# Purpose

This notebook is for preprocessing a textual dataset in preparation for LDA and other techniques. The idea is that this will replace the designer preprocess-text module.

Text output from this will contain each document as a string, with tokens separated by spaces. In the event that spaces would exist in tokens (such as for n-grams), they will be replaced with underscores.

## Current functionality of the notebook includes:

- Lemmatization using SpaCy pretrained model
- Defining of words to remove and save, starting from a list from spacy
- Defining of custom regular expressions to use to match tokens to remove
- Viewers for tokens to be removed at each step sorted by counts
- Viewer for random comments in their processed and unprocessed forms
- Removal of unicode characters before tokenization such as dashes and random unicode characters
- Viewer for finding responses which contain tokens containing particular strings


## To Do

### Now
- Parenthesis handling. There are times where we get word(word and they don't get separated. Pretty sure it's not all the time so unclear what's up.
- Change the display_side_by_side function to not use a general replace on table. It's ruining the display of words that include table.
- Add word search for "Word I have" interact
- Add doc-id to random docs for that interact. Add unprocessed doc option to token search in the final interact.

### Later
- Language removal? Right now my general unicode string removal gets rid of chinese answers. I know there are german and spanish answers still at the very least.
- Number removal? Currently short numbers are removed as all 1 character tokens are removed.
- Period handling. word.other is a single token. But google.com should be a single token. How do.
- N-gram generation. I would probably want this to occur before stop word removal. Would need to be clear how to disable it easily.

## This notebook is made with "20210625_SES_and_SET_comments.csv" in mind

Note that if you run this notebook on the entire dataset you will be waiting for about 5 hours on a single-core machine since spacy takes its time.

# Imports

## Libraries

In [None]:
import pandas as pd
import numpy as np
DF = pd.DataFrame

For spacy, we will try to install a pretrained english language processing pipeline called "en-core-web-sm"

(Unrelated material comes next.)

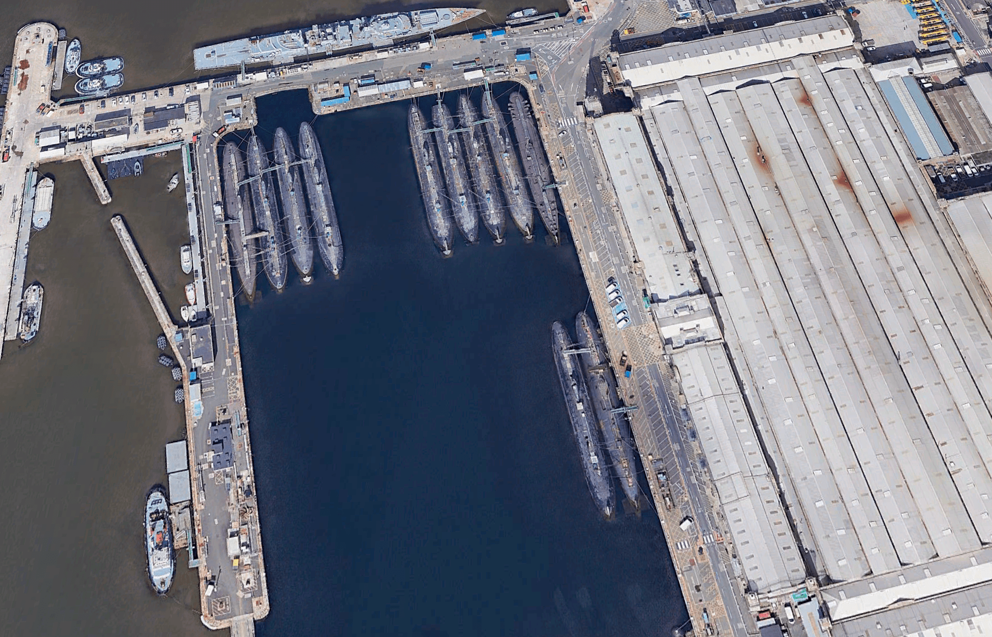 2020年5月,德文波特3號船塢中的11艘退役潛艇。如今,這裏又增加了5艘潛艇。谷歌地球

The command to run if you don't have it is below. On Azure I had to go into the terminal, activate conda, then run the following command. Someone the notebook is not running in the conda environment on Azure or something.

In [None]:
#!conda activate azureml_py38
#!python -m spacy download en_core_web_sm

In [None]:
import spacy
#nlp = spacy.load("en_core_web_sm")
import en_core_web_sm
nlp = en_core_web_sm.load()

In [None]:
from collections import Counter
import string
import multiprocessing as mp

In [None]:
from IPython.display import display, display_html
from ipywidgets import interact, interact_manual

## Data

In [None]:
data_path = "/home/azureuser/cloudfiles/code/Data/pp-20210625_SES_and_SET_comments.csv"
raw_text_col = "answer"
text_col = "Preprocessed answer"
index_col = "unique_comment_ID"

In [None]:
raw_data = pd.read_csv(data_path)
raw_data.set_index(index_col, inplace=True)
raw_data.dropna(inplace=True)

In [None]:
display(len(raw_data))
raw_data.head(3)

# Helper Functions

## Word Counts

In [None]:
def get_word_counts(texts):
    '''Takes an iterable (or DF) of iterables of words and returns a dict of word counts.'''
    if type(texts) == DF:
        texts = DF[text_col]
    return Counter(term for doc in texts for term in doc)

In [None]:
def word_counts_DF(texts):
    counts = get_word_counts(texts)
    df = DF.from_dict(counts, orient="index")
    df.index.name = "word"
    df.columns = ["count"]
    return df

## Display

In [None]:
def display_side_by_side(*args):
    html_str=''
    for df in args:
        html_str+=df.to_html() + ("\xa0" * 5) # Spaces
    display_html(html_str.replace('table','table style="display:inline"'),raw=True)

In [None]:
def display_head_wide(df,num = 40,cols = 5):
    num = min(num,len(df)) # Just in case num is specified to be larger than the number of entires in df
    per_col = int(np.ceil(num/cols)) # Figure out how many to show per column
    display_side_by_side(*[df.iloc[x: x + per_col] for x in range(0,num,per_col)]) # Display the columns. *[] used to partition the dataframe

# Preprocessing to do on the raw text

Operations done in this section should mostly replace certain characters with spaces or special characters with an equivalent character. Problematic units of text should be removed as tokens.

In [None]:
raw_data[text_col] = raw_data[raw_text_col]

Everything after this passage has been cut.